— Затем, чтобы безопаснее проехать по Ливонии, — но, брат и друг, мне надо освежить свою душу рассказом…
Братья удалились к стороне: сели под иву, которая шатром развесилась над берегом, и, рука в руке, взоры в глазах друг друга, разговаривали они об родных и родине, и все чувства души и все страсти сердца мгновенно отсвечивались на прозрачном облике Всеслава, и он жадно ловил рассказы о подвигах соотечественников, о их славе. Он забыл о себе, внимая о Новегороде… Ах! кто пе заслушается вестью об родине, как пением райской птички!

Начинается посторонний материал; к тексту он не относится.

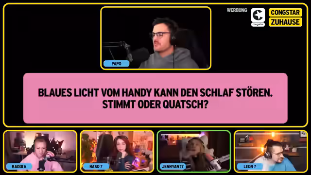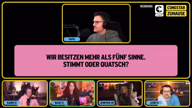 04:51:34Die zweite Runde des Quizes beginnt mit offenen Fragen, die sich jedoch als weitere Wahr-oder-Falsch-Fragen herausstellen. Kaddi beantwortet die Frage, ob Holzbrettchen prinzipiell unhygienischer als Plastikbrettchen sind, korrekt mit 'Quatsch', da Holz antibakterielle Eigenschaften haben kann und Plastikbrettchen Keim-Sammelpunkte entwickeln können. Baso wird gefragt, ob ein verschluckter Kaugummi bis zu sieben Wochen im Magen bleibt, und antwortet richtig mit 'Quatsch', da er innerhalb weniger Tage zersetzt wird. Jenyan beantwortet die Frage, ob Fensterscheiben von innen beschlagen, wenn die Luft im Raum feucht und die Scheibe kalt ist, korrekt mit 'stimmt'. Leon beantwortet die Frage, ob die Strahlung eines Smartphones nachts als Wecker neben dem Kopfkissen auf Dauer krank macht, korrekt mit 'Quatsch', da nach aktuellem Stand der Wissenschaft keine gesundheitliche Gefahr von Mobilfunkstrahlen innerhalb der Grenzwerte ausgeht. In der letzten Frage für Kaddi, ob eine Münze, die von einem Wolkenkratzer fällt, einen Menschen schwer verletzen kann, antwortet sie 'stimmt', was jedoch falsch ist, da der Luftwiderstand die Münze abbremst. Baso beantwortet die Frage, ob wir mehr als fünf Sinne besitzen, korrekt mit 'stimmt', da neben den klassischen Sinnen auch der Gleichgewichtssinn und die Propriozeption dazugehören. Jenyan beantwortet die Frage, ob der Kaumuskel im Verhältnis zu seiner Größe der stärkste Muskel des Körpers ist, korrekt mit 'stimmt'. Leon beantwortet die letzte Frage, ob wir nur 30% unseres Gehirns nutzen, korrekt mit 'Quatsch', da das gesamte Gehirn aktiv ist, wenn auch nicht alle Bereiche gleichzeitig. Am Ende des Quizes hat Jen 23 Punkte, Leon 16 Punkte, Baso 13 Punkte und Kaddi 12 Punkte. Jenyan wird zur Gewinnerin des Kongstar-Zuhause-Streams gekürt.

— А я, — сказал, наконец, Всеслав на повторенный вопрос брата, — как ты знаешь, пал окровавленный, избитый и израненный на полях Вейзепштейна, куда удальство завлекло меня с горстью бесстрашных. Я не знал, где я очувствовался. Прошлое для меня исчезло; память истощилась с кровью, и все, что тогда увидел я наяву, мне чудилось будто во сне. Надо мною вздымались плитные своды, как в могильном погребе; на мне, каг саван, белое покрывало, и тусклая лампада едва освещала окружность. Я ужаснулся; мне представилось, будто я погребен заживо! Холодный пот проступил на лице… Приподнимаю голову, озираюсь… У моего изголовья сидела прелестная, как ангел, женщина… Признаюсь тебе, я обомлел; суеверное воображение представило мне, что в ней вижу я свою душу, которая, перед отлетом на небо, прощается с бренным своим жилищем. Брат! это была супруга рыцаря фон Нордека, великодушного моего победителя.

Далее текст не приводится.